The current P/S ratio of 14.27 indicates a significant premium over traditional medical device manufacturers, which appears justified by the company's high-margin recurring revenue streams and dominant market position. However, the PEG ratio of 2.36 warrants caution, as it implies that the market's growth expectations are high and leave little room for error regarding procedure volume expansion or new platform adoption.
Based on the provided quarterly data, ISRG's ROIC has trended toward 5.2% in 2026Q1, reflecting a disciplined reinvestment strategy that leverages the company's proprietary instrument ecosystem to generate consistent returns on its expanding global installed base of robotic surgical systems.
The company's ability to maintain stable returns while scaling its infrastructure suggests that the high-friction nature of its surgical ecosystem creates a durable competitive advantage. Investors should monitor whether the transition to the da Vinci 5 platform temporarily dilutes these returns as the company absorbs initial manufacturing and training costs.

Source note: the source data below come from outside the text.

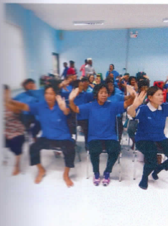
การตั้งวง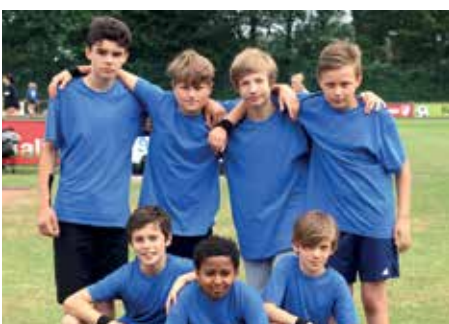
2. Platz - IGS Franzshes Feld BS 5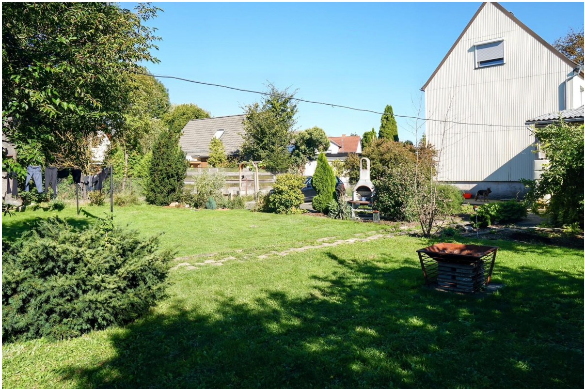
Blick zum Haus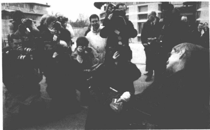
图1 霍金来参加报告会，吸引了600多名与会者和媒体记者

霍金60岁生日的庆祝活动，2002年1月在剑桥大学隆重举行。在数学科学中心召开了两个会：1月7—10日的学术讨论会和11日的报告会。在报告会上，霍金和4个科学家做了普及演讲，英国BBC电视4台在2002年8月5—8日播放了这些演讲，题目是《霍金演讲》（ The Hawking Lectures ），也就是我们选编在这里的东西。

According to the latest financial filings, ISRG's asset turnover remains low at 0.14, a figure that is characteristic of a capital-intensive business model where the primary value is derived from high-margin recurring consumables rather than rapid inventory velocity or high-volume asset utilization.
The company's DSO of 52 days suggests a stable collection cycle, though the high DIO of 181 days reflects the strategic necessity of maintaining significant inventory levels to support a global installed base. This inventory intensity is a structural requirement of the business model and should not be interpreted as operational inefficiency.
As reported in recent financial statements, ISRG maintains a current ratio of 17.36, providing an exceptional liquidity buffer that effectively insulates the firm from potential capital expenditure volatility or disruptions in the global medical supply chain that might impact smaller, less capitalized competitors.
This liquidity position is significantly stronger than the broader healthcare sector, reflecting a conservative balance sheet strategy that prioritizes financial flexibility. Such a robust position allows the company to self-fund R&D and strategic initiatives without the need for external financing, even during periods of macroeconomic uncertainty.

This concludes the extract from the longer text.